Complicating this is the way Mac OS automatically manages photo storage on the machine, so i'm hesitant to attempt to run any scripts on underlying files that might corrupt the library. In a perfect world I would just do something like
- find all files matching
(.+)-edited.{jpg,png,heic}$
- where there is a matching file without the -edited
- select and delete/trash the non-edited version
- in a way that is safe for my photos library
An alternative might be to start over completely and use the google drive app on my desktop to download and copy all pictures that way, but i'm worried i would lose files that way too.
I use PowerPhotos for this and am super happy. Dump everything into one library, clone it and then try out various passes until you’re happy, then do the culling on your main library is my advice.
- https://fatcatsoftware.com/powerphotos/
It lets me make rules once the pre-built ones take a first pass at cleaning the easy and obvious duplicates. You can prefer HEIC and edited or any other sort of metadata for automating which of the duplicates to select to keep and which to trash. It is updated very often, super easy to use and extremely powerful.
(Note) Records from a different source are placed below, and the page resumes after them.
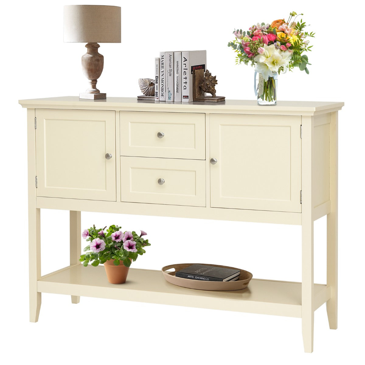 Características: MDF de alta qualidade e sólida madeira de pinho para garantir estabilidade e durabilidade; 2 armários e 2 gavetas espaçosos; Superfície e prateleira aberta para colocar itens essenciais ou expor objetos pessoais; Puxador de metal e guia para abrir e fechar as gavetas facilmente; Pode ser usado como consola, mesa de sofá, aparador, buffet ou mesa de entrada; Ideal para sala de estar, cozinha, entrada, escritório, etc.; Um toque luxuoso e elegante em qualquer casa; Mantém o ambiente limpo e organizado; Suporta até 100 kg; Superfície lisa fácil de limpar; Fácil de montar seguindo as instruções detalhadas.
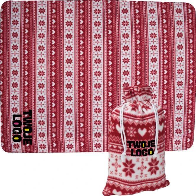 Przytulny kocyk wykonanay z polaru 200g/m², ozdobiony świątecznym wzorkiem. Koc palowany jest w dopasowany woreczek ze ściągaczami.
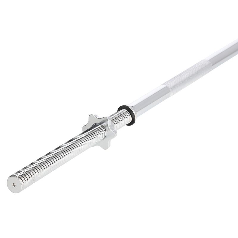 The GP 200cm HMS is a straight bar with star clamps. Its gripping section is carefully knurled to ensure a secure and comfortable hold. Two screw clamps are included. These clamps ensure a stable weight position on the bar during exercise. The nuts on the inner section have rubber seals to prevent the weight from loosening. The threaded section of the bar allows for quick and safe weight placement. The device is made of a solid steel bar that has been hardened. The bar's 30-millimeter diameter ensures high durability and comfortable exercise. The chrome-plating process ensures the bar retains its appearance for a very long time and also provides the best protection against rust.
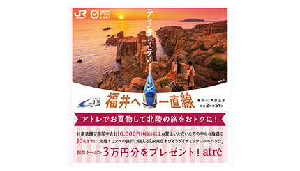 「アトレでお買物して北陸の旅をおトクに!」では、JRE POINTのウェブサイトからエントリーした上で、対象の「アトレ」店舗にて期間中に合計税込1万円以上のJRE POINTが貯まる買い物をした人の中から抽選で30名に、3万円分の北陸エリアへの旅行に使える「JR東日本びゅうダイナミックレールパック」割引クーポンが当たる。なお、同キャンペーンによる売上の一部は、令和6年能登半島地震の被災地へ義援金として寄付される。
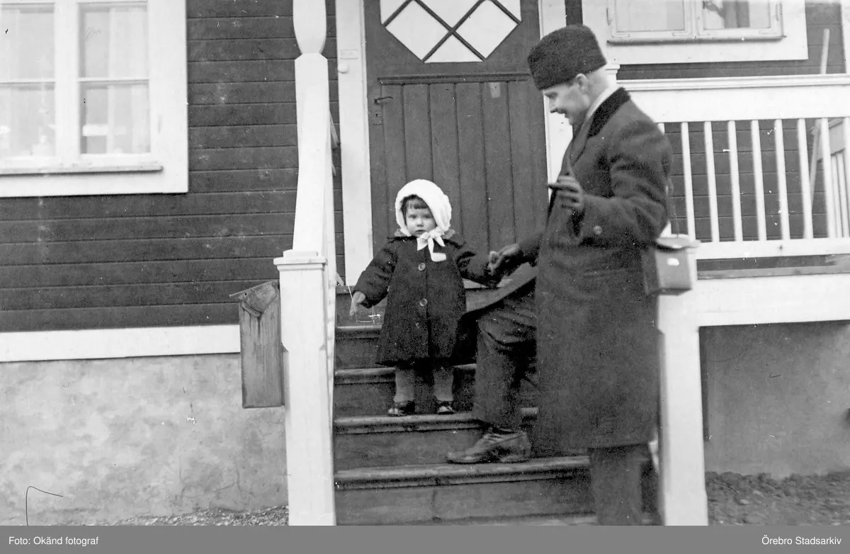 Far och dotter på trappan, ca 1926
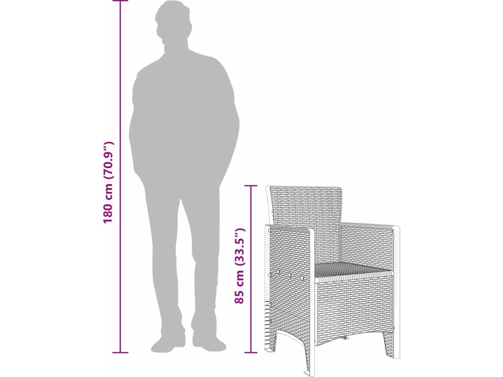 - Materiál polypropylen: Křeslo je ze super pevného polypropylenu, ideálního pro venkovní nábytek. Bez problémů zvládne všechny povětrnostní podmínky a jeho UV ochrana zajištuje, že barvy nevyblednou. Křeslo si tak dlouho udržuje svěží vzhled.

I’m a decent “shell scripter” but in the end, this tool saved me many days of trying to “yolo” it with scripts. It’s got the goods on parsing photo metadata and wrangling libraries into shape in a safe manner.
Unless you’re willing to eschew Photos and syncing entirely, there aren’t better options. If you could exist entirely on filesystem and folders and a tool like Photo Mechanic to store photo metadata in the filesystem, I would go all in on Photos and iCloud and hire a tool if you can’t script it yourself.